◆ Exercise aim
With the pictures removed, please write out every line below exactly as given.

++++ Data records ++++

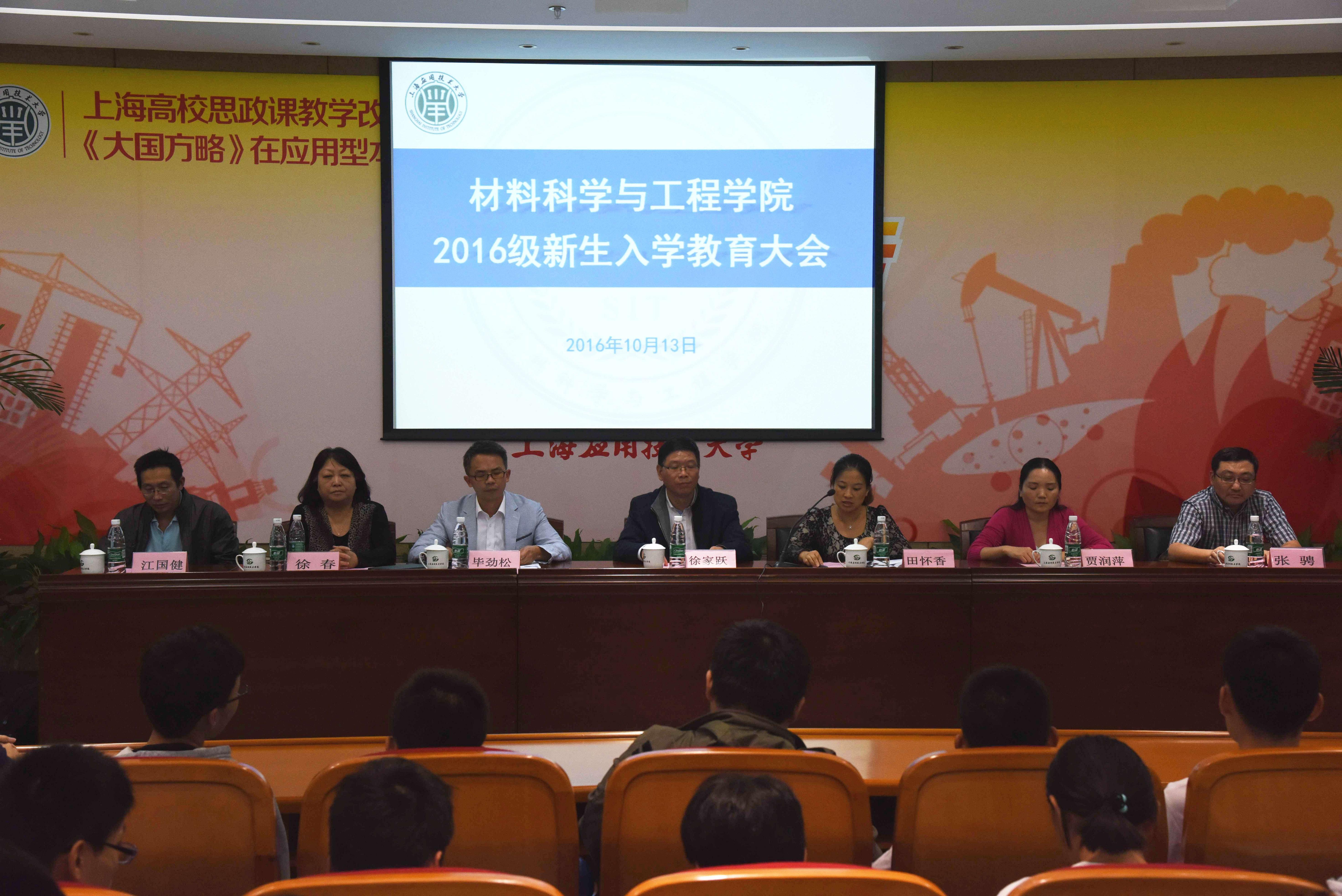 2016年10月13日,材料科学与工程学院在图书馆B101报告厅召开2016级新生入学教育大会。会议由材料学院党总支书记田怀香主持,材料学院院长徐家跃,党总支副书记、副院长毕劲松,副院长贾润萍,金属材料系主任徐春、复合材料系主任张骋、材料科学系主任江国健及新生辅导员出席会议。材料学院2016级全体本科生参加大会。
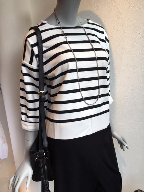 ボーダーカットソー ニコルのボーダートップス入荷しましたぁ〜 着回し抜群のアイテムなので、1枚は持っておきたいですね〜*(^o^)/* 裾は、シフォン素材の切り替えしになっています。お色違いで、ボーダー部分がグレーもございます。 5292円 2016年3月8日
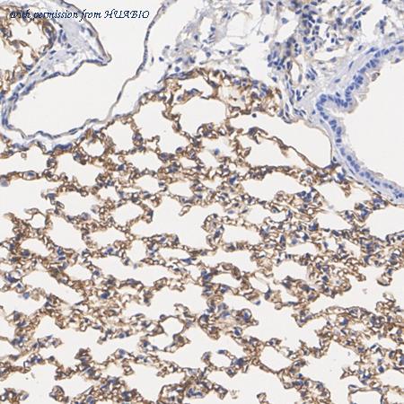 Immunohistochemical analysis of paraffin-embedded mouse lung tissue with Rabbit anti-ICAM1 antibody (HA722417) at 1/10,000 dilution. The section was pre-treated using heat mediated antigen retrieval with Tris-EDTA buffer (pH 9.0) for 20 minutes. The tissues were blocked in 1% BSA for 20 minutes at room temperature, washed with ddH2O and PBS, and then probed with the primary antibody (HA722417) at 1/10,000 dilution for 1 hour at room temperature. The detection was performed using an HRP conjugated compact polymer system. DAB was used as the chromogen. Tissues were counterstained with hematoxylin and mounted with DPX.
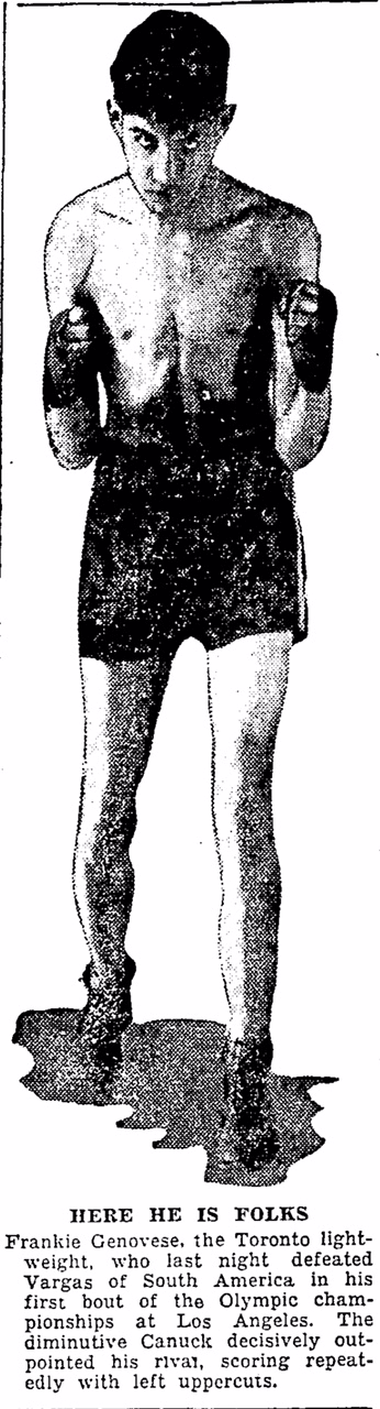 Frankie Genovese (1915-1998) was just 16 when he competed for Canada at the Olympics. After winning his first match, he lost his second match to Mario Bianchini of Italy.
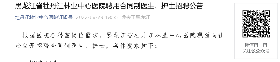 2022黑龍江省牡丹江林業(yè)中心醫(yī)院聘用合同制醫(yī)生、護(hù)士招聘47人,報(bào)名時(shí)間:2022年9月23日-2022年10月16日(每工作日早8點(diǎn)—晚5點(diǎn)),現(xiàn)將招聘公告原文發(fā)布如下:
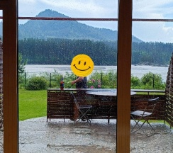 Очень уютный, чистый номер. Его изюминка - панорамные окна с видом на Катунь. Из других окон видно горы. Территория ухоженная, аккуратно подстриженная лужайка. Хозяйка - прелесть!!
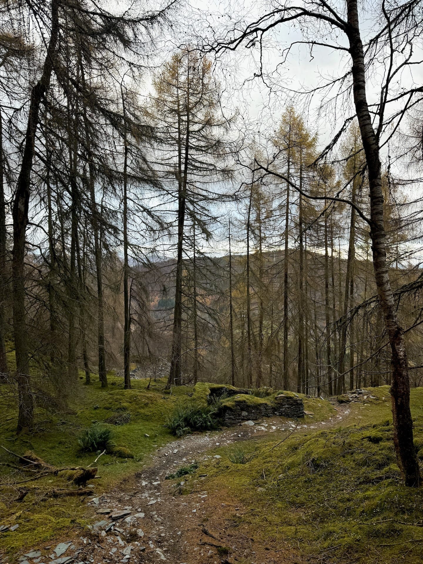 Climbing, I saw a cow on the trail (escaped), a hare, a sparrowhawk, and a murder of crows. The Travelator climb treated me to a murder of lungs, and I stopped to clear condensation from my spectacles and eat a snack. That week I relied on dark chocolate Brazil nuts, crayfish sandwiches, avocado wraps, bacon rolls, various mushed fruit bars, coffee (lots of), fistfuls of nuts, and tartiflette (not on the trails). Even then I was hungry most of the time.
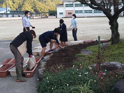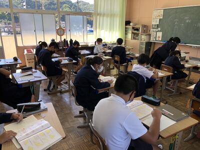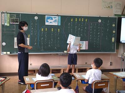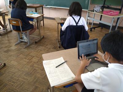 今日は、天草市教育委員会の先生、御所浦中学校の先生、東京からの学生さん(キャラバン隊)が来校されました。2時間目の5年生の国語の授業では、タブレット端末に自分の考えを残しながら、話し合いが行われました。児童は、緊張しながらも話し合いが少しずつ活発になっていく姿が見られました。緊張の中での授業、これも大切な経験です。
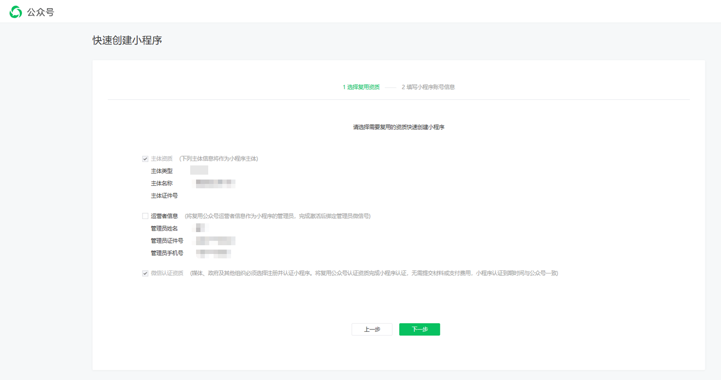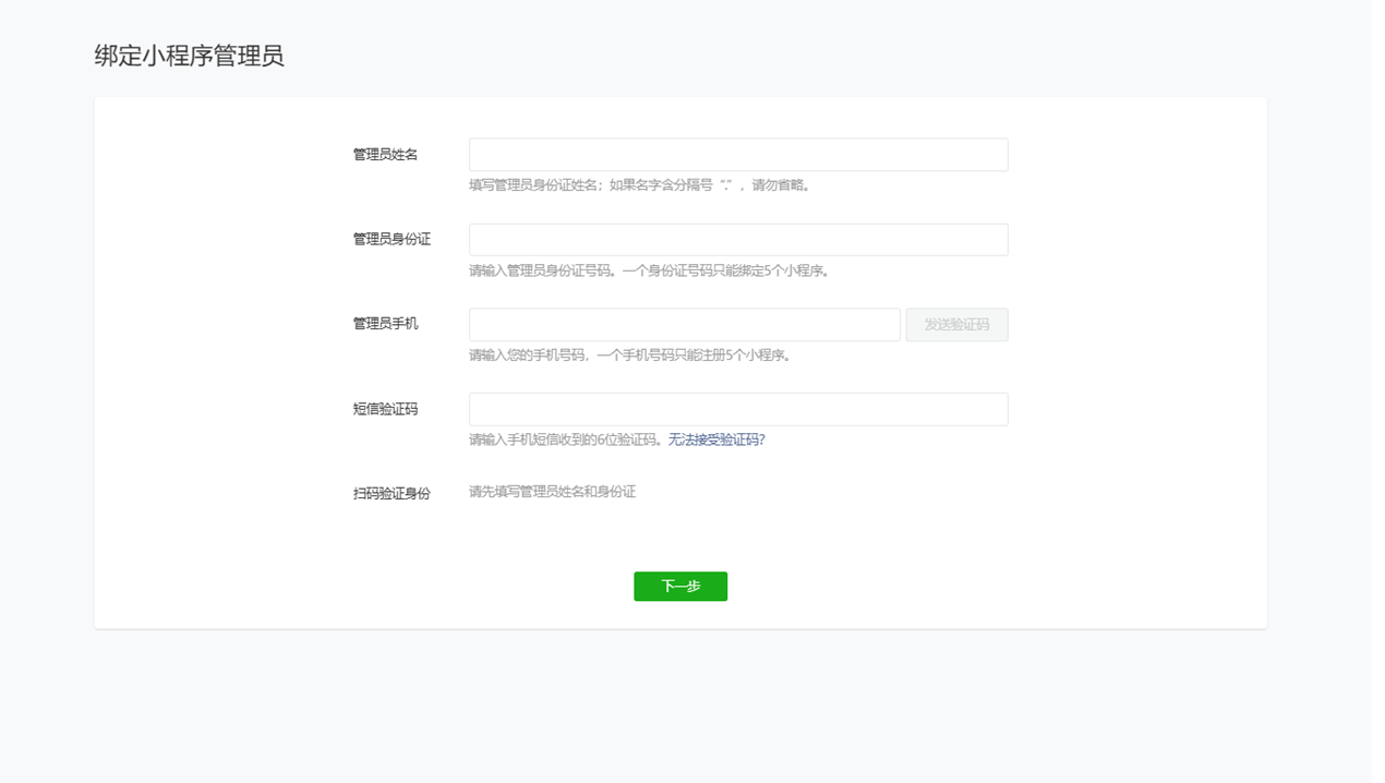 如不复用运营者信息,后续登录小程序时需绑定管理员

++++

◆ Response
 2016年10月13日,材料科学与工程学院在图书馆B101报告厅召开2016级新生入学教育大会。会议由材料学院党总支书记田怀香主持,材料学院院长徐家跃,党总支副书记、副院长毕劲松,副院长贾润萍,金属材料系主任徐春、复合材料系主任张骋、材料科学系主任江国健及新生辅导员出席会议。材料学院2016级全体本科生参加大会。
 ボーダーカットソー ニコルのボーダートップス入荷しましたぁ〜 着回し抜群のアイテムなので、1枚は持っておきたいですね〜*(^o^)/* 裾は、シフォン素材の切り替えしになっています。お色違いで、ボーダー部分がグレーもございます。 5292円 2016年3月8日
 Immunohistochemical analysis of paraffin-embedded mouse lung tissue with Rabbit anti-ICAM1 antibody (HA722417) at 1/10,000 dilution. The section was pre-treated using heat mediated antigen retrieval with Tris-EDTA buffer (pH 9.0) for 20 minutes. The tissues were blocked in 1% BSA for 20 minutes at room temperature, washed with ddH2O and PBS, and then probed with the primary antibody (HA722417) at 1/10,000 dilution for 1 hour at room temperature. The detection was performed using an HRP conjugated compact polymer system. DAB was used as the chromogen. Tissues were counterstained with hematoxylin and mounted with DPX.
 Frankie Genovese (1915-1998) was just 16 when he competed for Canada at the Olympics. After winning his first match, he lost his second match to Mario Bianchini of Italy.
 2022黑龍江省牡丹江林業(yè)中心醫(yī)院聘用合同制醫(yī)生、護(hù)士招聘47人,報(bào)名時(shí)間:2022年9月23日-2022年10月16日(每工作日早8點(diǎn)—晚5點(diǎn)),現(xiàn)將招聘公告原文發(fā)布如下:
 Очень уютный, чистый номер. Его изюминка - панорамные окна с видом на Катунь. Из других окон видно горы. Территория ухоженная, аккуратно подстриженная лужайка. Хозяйка - прелесть!!
 Climbing, I saw a cow on the trail (escaped), a hare, a sparrowhawk, and a murder of crows. The Travelator climb treated me to a murder of lungs, and I stopped to clear condensation from my spectacles and eat a snack. That week I relied on dark chocolate Brazil nuts, crayfish sandwiches, avocado wraps, bacon rolls, various mushed fruit bars, coffee (lots of), fistfuls of nuts, and tartiflette (not on the trails). Even then I was hungry most of the time.
 今日は、天草市教育委員会の先生、御所浦中学校の先生、東京からの学生さん(キャラバン隊)が来校されました。2時間目の5年生の国語の授業では、タブレット端末に自分の考えを残しながら、話し合いが行われました。児童は、緊張しながらも話し合いが少しずつ活発になっていく姿が見られました。緊張の中での授業、これも大切な経験です。
 如不复用运营者信息,后续登录小程序时需绑定管理员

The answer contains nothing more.